- Born: 1 July 1953 Ashkaftsaqa, Kurdistan, Iraq
- Citizenship: Canadian, Kurdish
- Occupations: Poet, Writer, Activist
- Writing career
- Language: English, Kurdish
- Notable works: "The Man in Blue Pyjamas", "Trying Again to Stop Time"
- Notable awards: 2004 RISE award, Honorary Doctorate of Letters, Edmonton City Hall of Fame

= Jalal Barzanji =

Kurdish-Canadian poet

Jalal Barzanji (July 1, 1953) is a contemporary Kurdish poet, writer and activist known for his multifaceted contributions to literature and culture, in Iraqi Kurdistan and Canada.

Barzanji served on the board of Writers' Union in Iraqi Kurdistan, fleeing in 1996 due to the Iraqi-Kurdish Civil War. In Canada, he and was appointed as the PEN Canada Writer-in-Exile in 2007. A Doctor of Letters, honoris causa (D. Litt.) recipient of the University of Alberta, he was also inducted into the Edmonton City Hall of Fame in 2015 for contributions in Art and Culture.

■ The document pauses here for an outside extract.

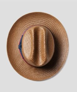 This Western hat is made by hand from high-quality Panama straw in a tradition-consciously authentic shape. It wins over the wearer qualitatively with summery lightness and the flexible, slightly airy workmanship. The visual arguments of the straw hat are the subtle heathered design and the colourful patterned trim band made of fabric with side bow and brand pin, which is shown off to excellent effect on it.

Barzanji has published numerous books of poetry in English and Kurdish. His critically acclaimed memoir, "The Man in Blue Pyjamas" was published by University of Alberta Press in 2011. In the memoir Barzanji writes about his imprisonment in 1986–1989, during which he endured torture under Saddam Hussein’s regime due to his literary and journalistic achievements—writing that openly explores themes of peace, democracy, and freedom. For those three years, Barzanji wrote only on scrap paper, smuggled into his cell. He wrote his memoir during his time as the first Writer in Exile of PEN Canada.

==Life and career==

===Early life===
Kurdish poet and journalist Jalal Barzanji was born in 1953 in Ashkaftsaqa, a remote village situated in Northern Iraq, within the region of Kurdistan. The exact date of his birth is unknown, though thought to be Spring, and is listed as July 1 by the Iraqi government who assigned birthdays to Kurdish citizens. Barzanji grew up in a secluded village, where the establishment of the village's inaugural school came when he was 7 years old. Barzanji reflected on his upbringing as being enveloped by serene landscapes, focused on the simplicity of life amidst towering mountains.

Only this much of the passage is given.